* _Work order_: Set out exactly every line of the entries below, starting at the line that holds "Részletek: S.Barski Divatos" and stopping after the line that holds "在学校2019年度田径运动会".

* _Records for the task_:
^^^^

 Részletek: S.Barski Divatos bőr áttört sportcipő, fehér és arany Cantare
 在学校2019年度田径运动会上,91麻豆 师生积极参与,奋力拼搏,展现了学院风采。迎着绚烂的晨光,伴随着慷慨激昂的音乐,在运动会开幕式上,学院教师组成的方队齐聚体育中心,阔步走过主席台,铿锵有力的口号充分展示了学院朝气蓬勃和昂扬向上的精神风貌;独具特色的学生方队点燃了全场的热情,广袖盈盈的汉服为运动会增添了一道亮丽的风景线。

^^^^

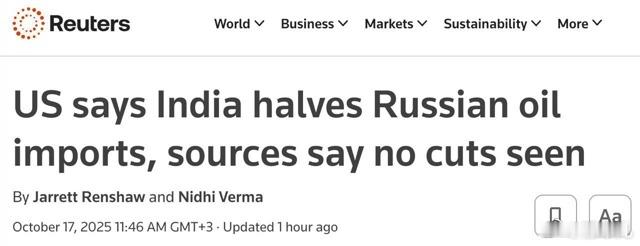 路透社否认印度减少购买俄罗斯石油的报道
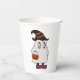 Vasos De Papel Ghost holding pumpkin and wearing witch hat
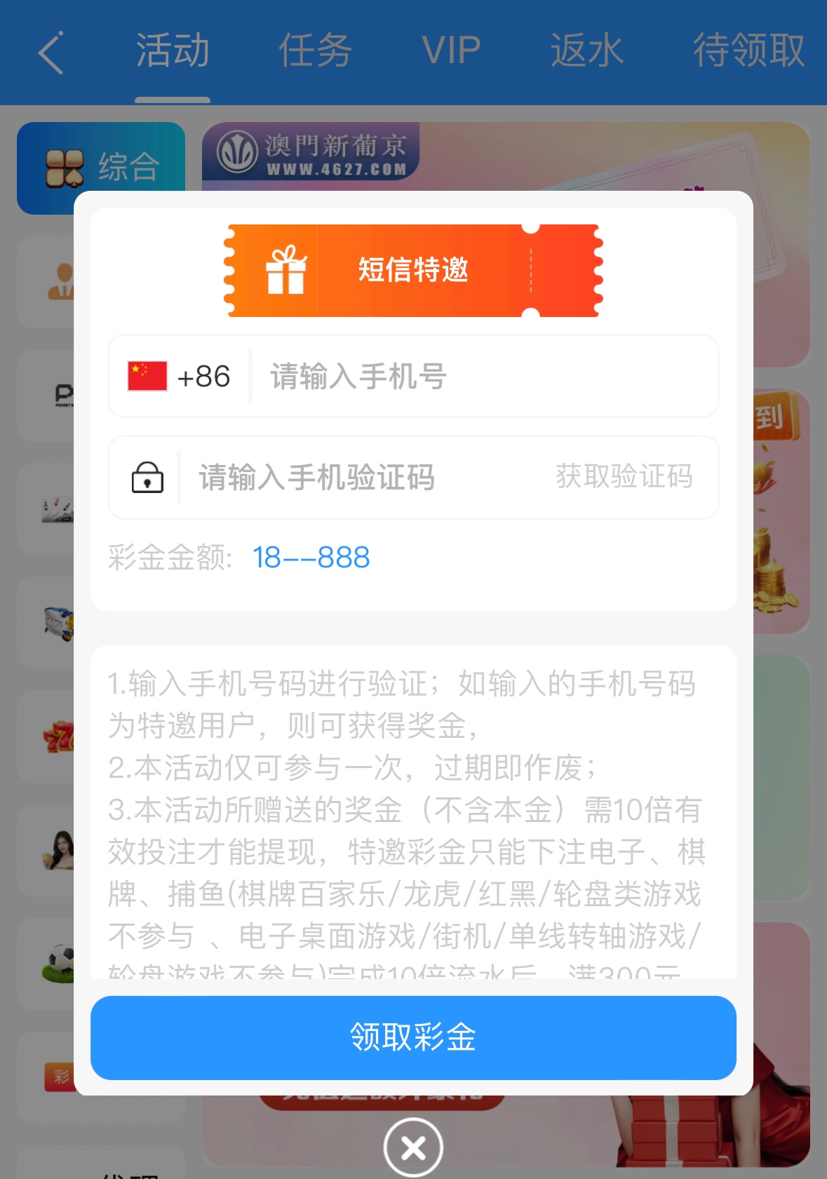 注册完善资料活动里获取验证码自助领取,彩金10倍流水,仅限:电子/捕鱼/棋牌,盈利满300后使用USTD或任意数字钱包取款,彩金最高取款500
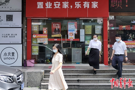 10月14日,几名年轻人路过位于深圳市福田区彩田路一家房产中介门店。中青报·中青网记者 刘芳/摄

^^^^

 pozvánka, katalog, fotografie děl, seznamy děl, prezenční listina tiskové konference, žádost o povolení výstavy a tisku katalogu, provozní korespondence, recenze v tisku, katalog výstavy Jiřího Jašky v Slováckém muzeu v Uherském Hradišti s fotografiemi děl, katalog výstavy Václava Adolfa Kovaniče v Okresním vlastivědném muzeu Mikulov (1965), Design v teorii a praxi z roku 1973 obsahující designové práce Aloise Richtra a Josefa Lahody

^^^^

* _Exercise answer_:
 Részletek: S.Barski Divatos bőr áttört sportcipő, fehér és arany Cantare
 在学校2019年度田径运动会上,91麻豆 师生积极参与,奋力拼搏,展现了学院风采。迎着绚烂的晨光,伴随着慷慨激昂的音乐,在运动会开幕式上,学院教师组成的方队齐聚体育中心,阔步走过主席台,铿锵有力的口号充分展示了学院朝气蓬勃和昂扬向上的精神风貌;独具特色的学生方队点燃了全场的热情,广袖盈盈的汉服为运动会增添了一道亮丽的风景线。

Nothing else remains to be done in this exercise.